| TASK TO COMPLETE |
Please transcribe the data below in full, word for word, without the images.

Records from a dataset
>>>>>

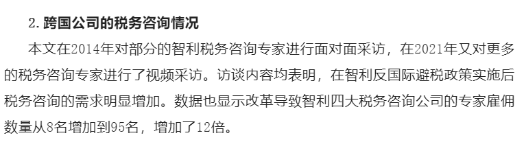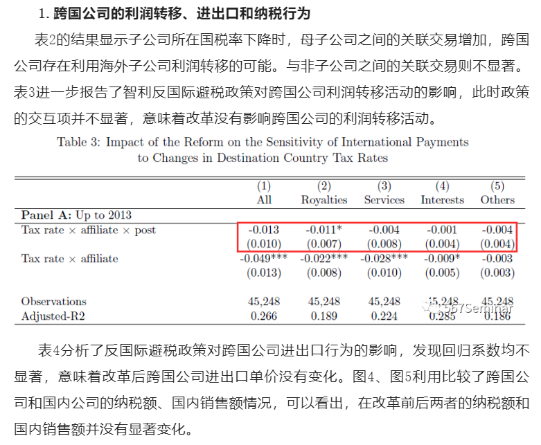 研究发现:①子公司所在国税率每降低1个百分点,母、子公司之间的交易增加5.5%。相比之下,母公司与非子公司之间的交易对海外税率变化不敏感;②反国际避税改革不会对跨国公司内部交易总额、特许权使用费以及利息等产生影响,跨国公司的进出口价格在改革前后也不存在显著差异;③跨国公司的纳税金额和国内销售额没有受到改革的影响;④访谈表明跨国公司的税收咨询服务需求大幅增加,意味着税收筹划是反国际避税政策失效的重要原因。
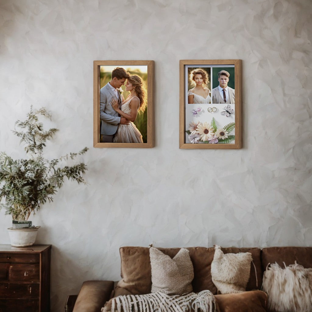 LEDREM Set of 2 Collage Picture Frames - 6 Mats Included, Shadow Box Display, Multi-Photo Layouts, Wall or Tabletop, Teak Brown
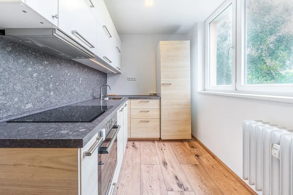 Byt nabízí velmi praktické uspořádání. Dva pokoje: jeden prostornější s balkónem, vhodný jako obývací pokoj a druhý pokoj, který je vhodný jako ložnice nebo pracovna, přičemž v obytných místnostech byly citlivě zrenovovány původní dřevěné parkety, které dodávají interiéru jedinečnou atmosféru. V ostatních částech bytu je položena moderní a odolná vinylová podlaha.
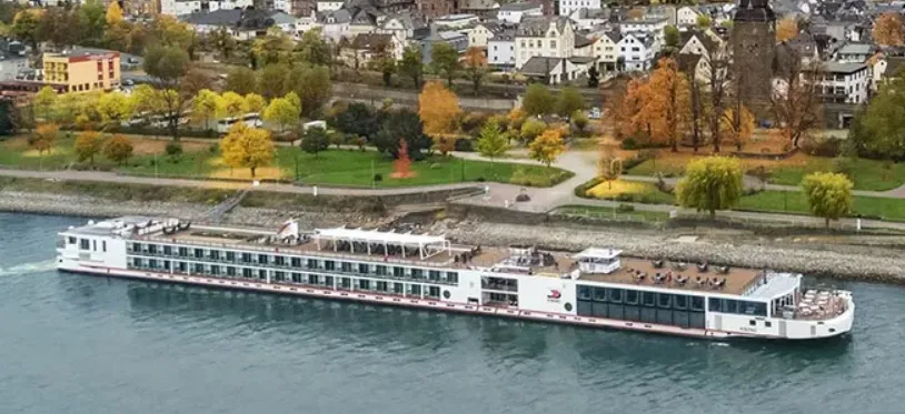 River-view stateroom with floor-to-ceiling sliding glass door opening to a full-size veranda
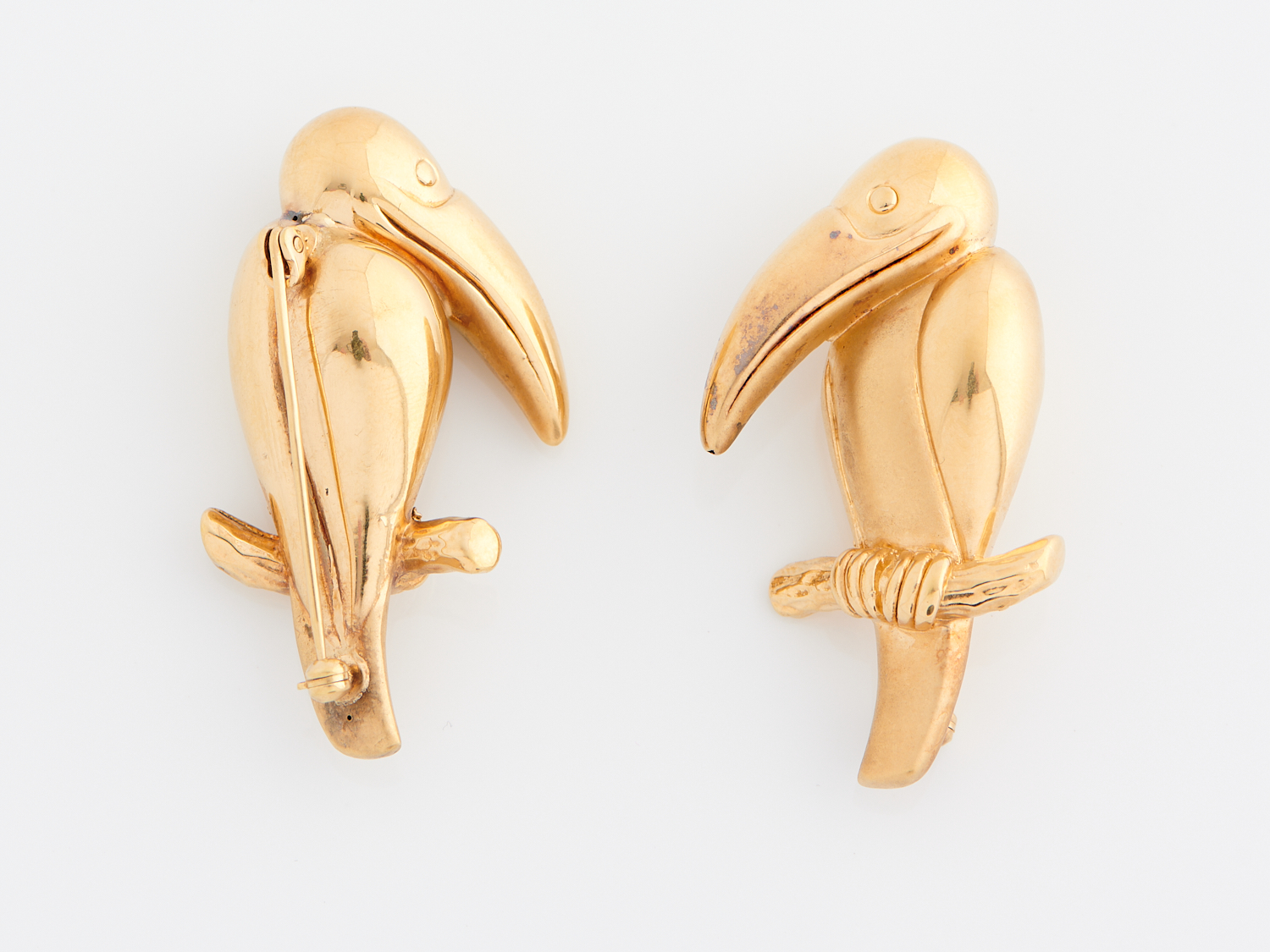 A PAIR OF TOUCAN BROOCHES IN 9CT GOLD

<<<<<

| PROBLEM SOLUTION |
 研究发现:①子公司所在国税率每降低1个百分点,母、子公司之间的交易增加5.5%。相比之下,母公司与非子公司之间的交易对海外税率变化不敏感;②反国际避税改革不会对跨国公司内部交易总额、特许权使用费以及利息等产生影响,跨国公司的进出口价格在改革前后也不存在显著差异;③跨国公司的纳税金额和国内销售额没有受到改革的影响;④访谈表明跨国公司的税收咨询服务需求大幅增加,意味着税收筹划是反国际避税政策失效的重要原因。
 LEDREM Set of 2 Collage Picture Frames - 6 Mats Included, Shadow Box Display, Multi-Photo Layouts, Wall or Tabletop, Teak Brown
 Byt nabízí velmi praktické uspořádání. Dva pokoje: jeden prostornější s balkónem, vhodný jako obývací pokoj a druhý pokoj, který je vhodný jako ložnice nebo pracovna, přičemž v obytných místnostech byly citlivě zrenovovány původní dřevěné parkety, které dodávají interiéru jedinečnou atmosféru. V ostatních částech bytu je položena moderní a odolná vinylová podlaha.
 River-view stateroom with floor-to-ceiling sliding glass door opening to a full-size veranda
 A PAIR OF TOUCAN BROOCHES IN 9CT GOLD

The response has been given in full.